Sunday Times (Johannesburg) - September 7, 2003
The New York Times reported this week that some doctors, politicians and pharmaceutical executives have argued that it was unsafe to send millions of doses of antiretroviral drugs to Africa - because incomplete pill-taking would speed up the mutation of drug-resistant strains that could spread around the world.
Such a danger exists: almost 10% of all new HIV infections in Europe were resistant to at least one drug or another.
But, the newspaper noted, the issue was particularly touchy in Africa - because it was tinged with racism.
The Times noted as an example, the outcry sparked when a US Agency for International Development director remarked in 2001 that Aids drugs "wouldn't work" because many Africans don't use clocks and "don't know what Western time is".
But surveys in Botswana, Uganda, Senegal and South Africa have found that, on average, patients took about 90% of their medicine.
The US average was 70% - and the figure was worse among the homeless and drug abusers.
The newspaper also said that complying with required dosage was getting easier.
Indian and other drug-makers, for example, were now making triple-therapy cocktails which came in as few as two pills a day - a more convenient treatment which was not yet available in the US because of patent regulations.
Doctors have claimed that most African patients were zealous about their regimens - and were more truthful when estimating their adherence.
Dr David Bangsberg, a professor of medicine at the University of California in San Francisco, told the Times that, on average, patients in the US told their doctors they were doing 20% better than they really were.
But a study of 29 Ugandan patients found that, on average, they estimated that they were taking 93% of pills - and were found to be taking 91%.
Although poor, with most of their countrymen earning less than $50 a month, Ugandans would rigorously adhere to taking their $27-a-month, Indian-manufactured twice-a-day, three-drugs-in-one pill.
In many such cases, one US doctor who has worked in Uganda told the Times the whole extended family, possibly with several infected members, would chip in so that one member would be saved to care for the children.
The doctor said: "If the whole family is pooling its resources to pay for you, you damn well better take your drugs. That's a whole different scenario from the US, where patients get free medicine and, if they change therapy, will let a month's worth go to waste."
Several doctors in Africa said their patients were highly motivated because they had seen friends or family die.

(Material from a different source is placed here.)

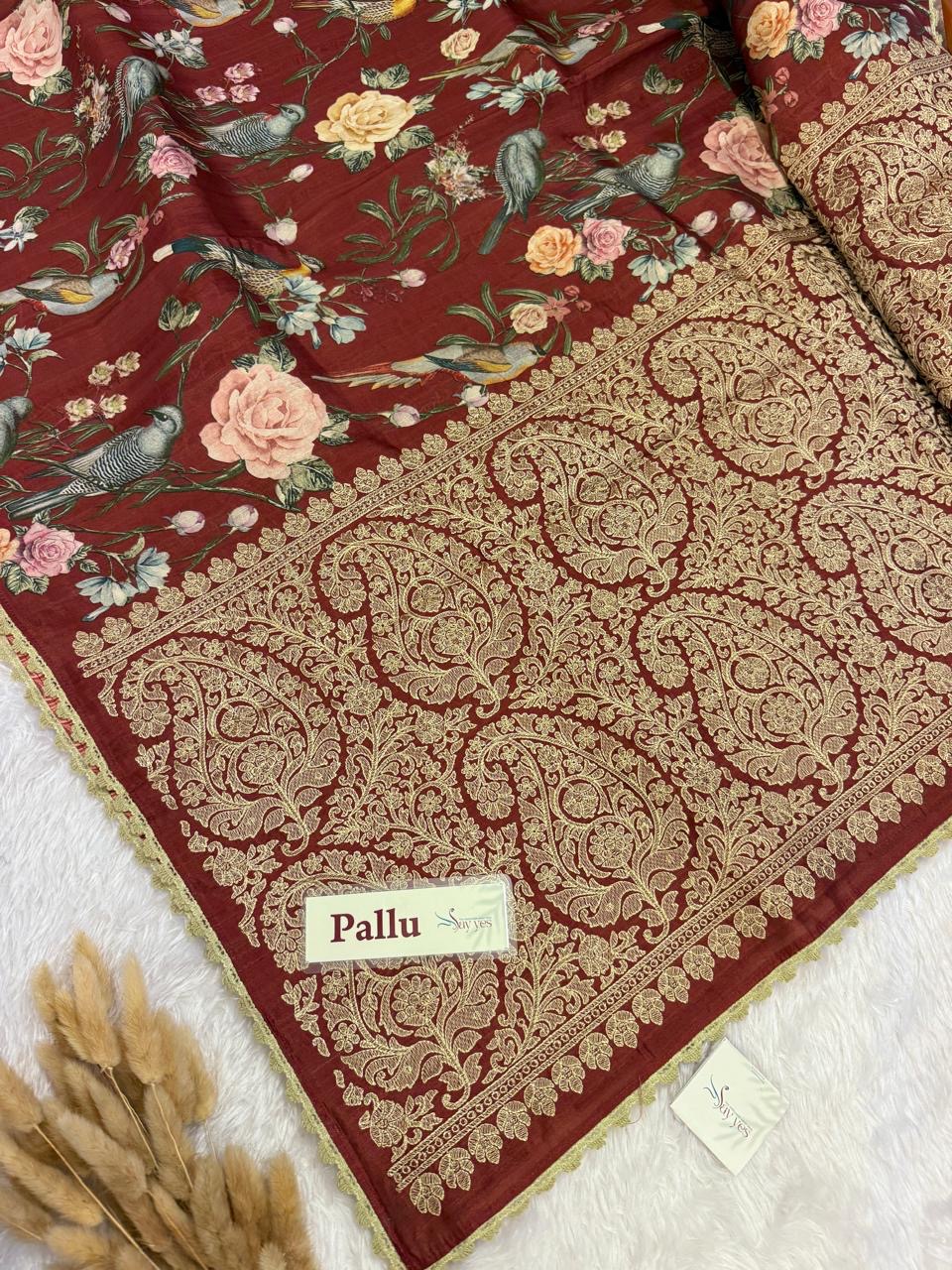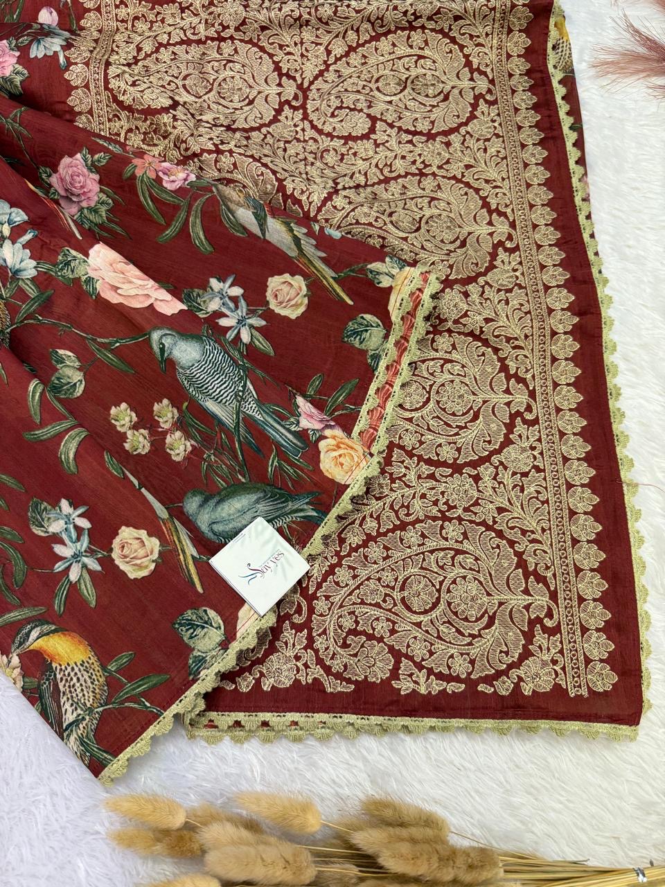 Unfold timeless sophistication with Gulmor Gatha, a saree that beautifully blends royal opulence with vintage garden aesthetics. Crafted on a deep maroon base, the saree features a tapestry of blooming roses and perched songbirds, reminiscent of an old-world botanical painting. The contrasting pallu showcases grand golden zari paisley motifs in intricate brocade work — a tribute to Mughal-inspired heritage design.

Most come in only when deathly ill, so the drugs seem to perform a miracle, making them well enough to go back to work. And even $1 a day is a lot, so they treat it as "an investment", said Dr Elly Katabira of Makerere University Medical School in Uganda.
In Botswana, with the world's highest infection rate, pill counts on 400 of the 10 000 patients on therapy showed that 85% were taking their pills flawlessly.
There were, however, problems with some African programmes.
The Times said that in Nigeria, Africa's most populous country, an ambitious, widely praised plan to get generic drugs to 15 000 citizens has been hampered by red tape, corruption and a scarcity of laboratories.
The newspaper also quoted a recent Cape Town study, at a Doctors Without Borders project in Khayelitsha, that found that older patients, patients who took pills twice a day instead of three times, and patients who spoke the same language as clinic staff tended to do best.
Because the drugs were scarce, the charity set high hurdles for patients, so high that only 550 of the clinic's 5 000 visitors were now taking medication. It reported extraordinarily high levels of compliance. Pill counts showed that, after six months on treatment, 96% of the patients were still taking 95% of their pills.